FILM REVIEW: The White Ribbon
With the critical praise of the recent Michael Haneke film Amour in the midst of the awards season I stumbled across the Palme d’Or winning The White Ribbon a few nights ago. A film set in a small and remote fictional German community of Eichwald in 1913 is the scene for strange and disturbing things.
Filmed in black and white you cannot be distracted from the plain obvious but nothing is as it seems. The narrator begins with the story, clarifying it is from memory and as we know memory can be embellished and altered so we are already in a state of uncertainty. But the film quickly begins with an act of violence. The village doctor is injured, violently. But more interestingly it is deliberate. And so the tale of violence begins.
There is a harsh and rigid quality to the film, rules and regulation. Duty and responsibility. The act and the punishment. Central to the lives of these people is the church and the pastor. His children are the sufferers of harsh punishment as his law is of God and strict morality. But punishment alone does not teach, it creates something crueller within a child or children. His reminder of innocence and purity is made literal with a white ribbon tied onto them.
The children who are numerous posses such a sinister quality.

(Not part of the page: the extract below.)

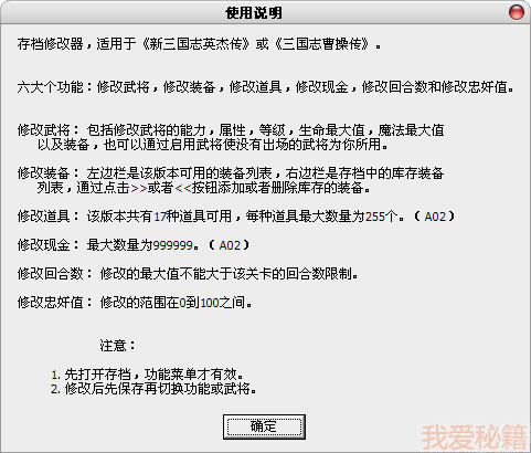 1. 修改武将的属性,等级,装备,以及是否出场。如果你玩《新三国志英杰传》,那个叫什么魏延的怎么都不出来,就用这个修改器强制魏延出场吧。另外一些奇妙的效果也可以用它尝试一下:比如强行装备青龙偃月和穿云箭给一个很牛的武将,然后让它往敌人堆里一站,即使你不主动攻击,一个回合之后,光反击下来就足以让世界清净了。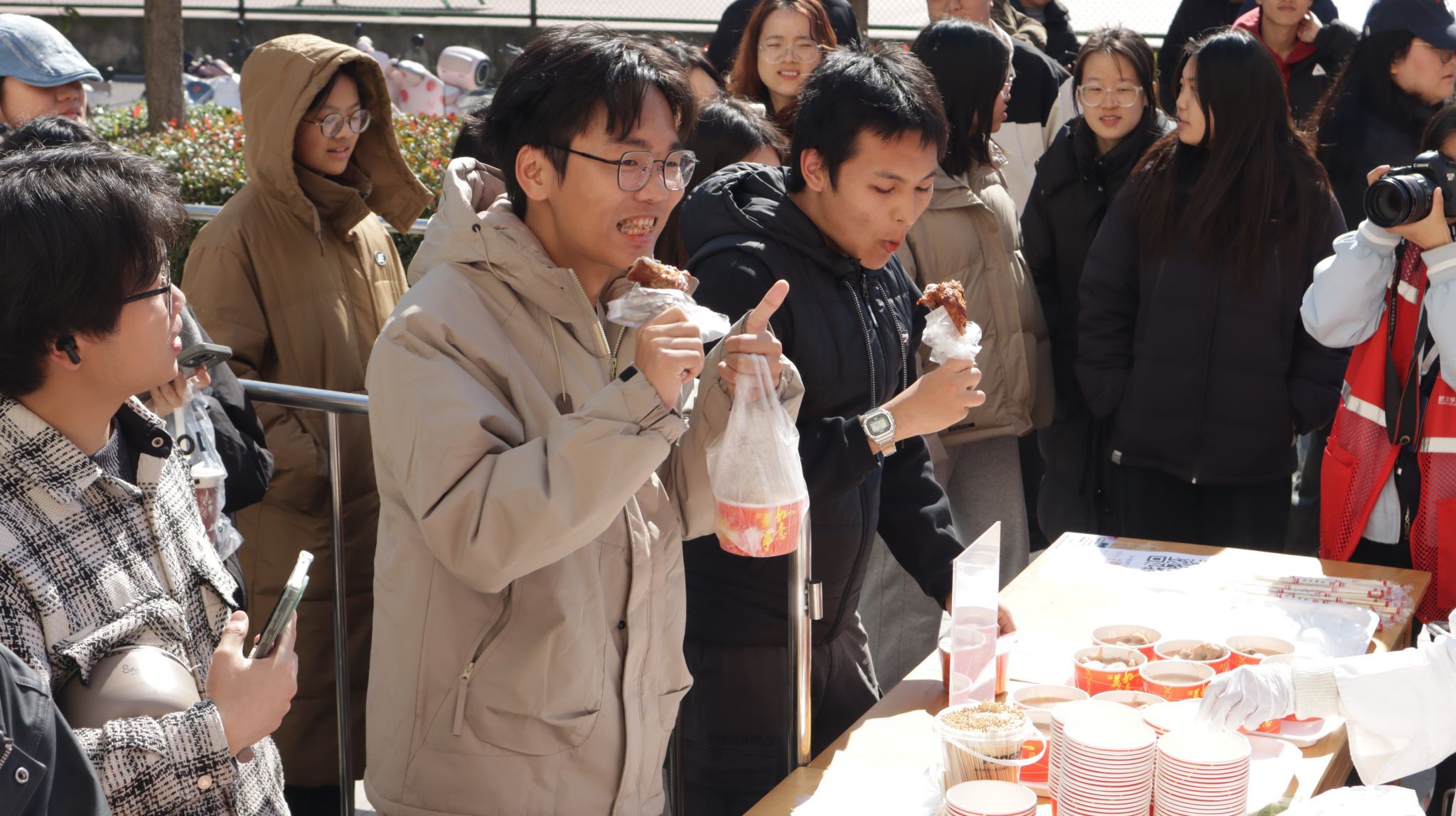 “去年没吃到,今年特意提前过来排队!”一位正在品尝烤全羊的同学兴奋地说。活动现场,香气四溢的烤全羊和温暖滋补的藕汤成为现场最受瞩目的“重磅美食”,师生手捧热腾腾的藕汤,在初冬时节感受到浓浓暖意。现场还设有趣味游戏互动区。同学们通过参与“说反话”“指东看西”等小游戏赢取抽奖与套圈机会,现场笑声不断,气氛热烈。

Angelic and innocent with polite manners each hold secrets but with the potential for something and it’s that which makes the whole experience of the film uncomfortable. Even though many things are happening in the lives of the adults in the kids that are making you on edge, waiting. The adults in comparison are flawed deeply. We learn of the doctor and his relationship with the midwife that turns humiliating and cruel. We learn of him sexually abusing his daughter Anna. The baron’s marriage breaking apart following the declaration of his wife’s love for another man. Even the narrator who doesn’t not have the means to marry the nanny Eva has his own dramas. There is one scene in the film that captures the essence of the film and the community of Eichwald. The school teacher finds Martin, the pastor’s son walking precariously on a bridge with the imminent threat of falling and potentially hurting himself fatally. When the teacher reaches him and asked why he did this Martin says it’s to see if God wants him to live. Because if God wants him to live then it must be because God is happy with what Martin is doing.

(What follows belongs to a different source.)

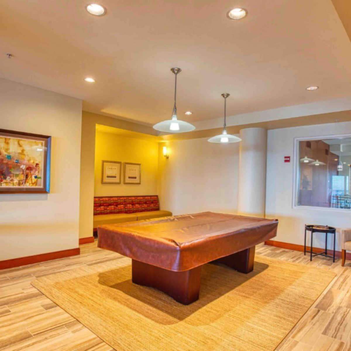 ~ Large community lounge with seating, flatscreen TV, and pool table

The film is exceptional. You cannot doubt Haneke’s masterful work because not only is the film intense and chilling it is also filled with so many beautiful moments. My personal favourite was when the pastor’s youngest song brings his own bird that he brought back to health to his father after his was left killed on his desk. The boy says that he wants his father to have him because he’s been so sad since his bird died. The pastor chokes back tears and it’s a really wonderful moment. Another is the doctor’s son who learns about death from his sister Anna. His reaction of anger from a child of five was so truthful. He felt cheated somehow for not being told and having to eventually die. The character of Klara is by far the most fascinating. She is a mix of sweet polite innocence and raging anger as well as her brother Martin who is the victim of his father, the pastor’s punishments.
The performances are brilliant especially from such young actors. And the nakedness of the film having been black and white everything is more focused. The secrets are all bleeding slowly from some hidden wound and by the end we learn of the culprits and even though throughout the film you sense you know who it is by the end you question whose fault it really is. The narrator continues to the end of the film with the words
‘Didn’t we keep our mouths shut because otherwise we would have had to wonder if the misdeeds...of our children weren’t actually the result of what we’d been teaching them?’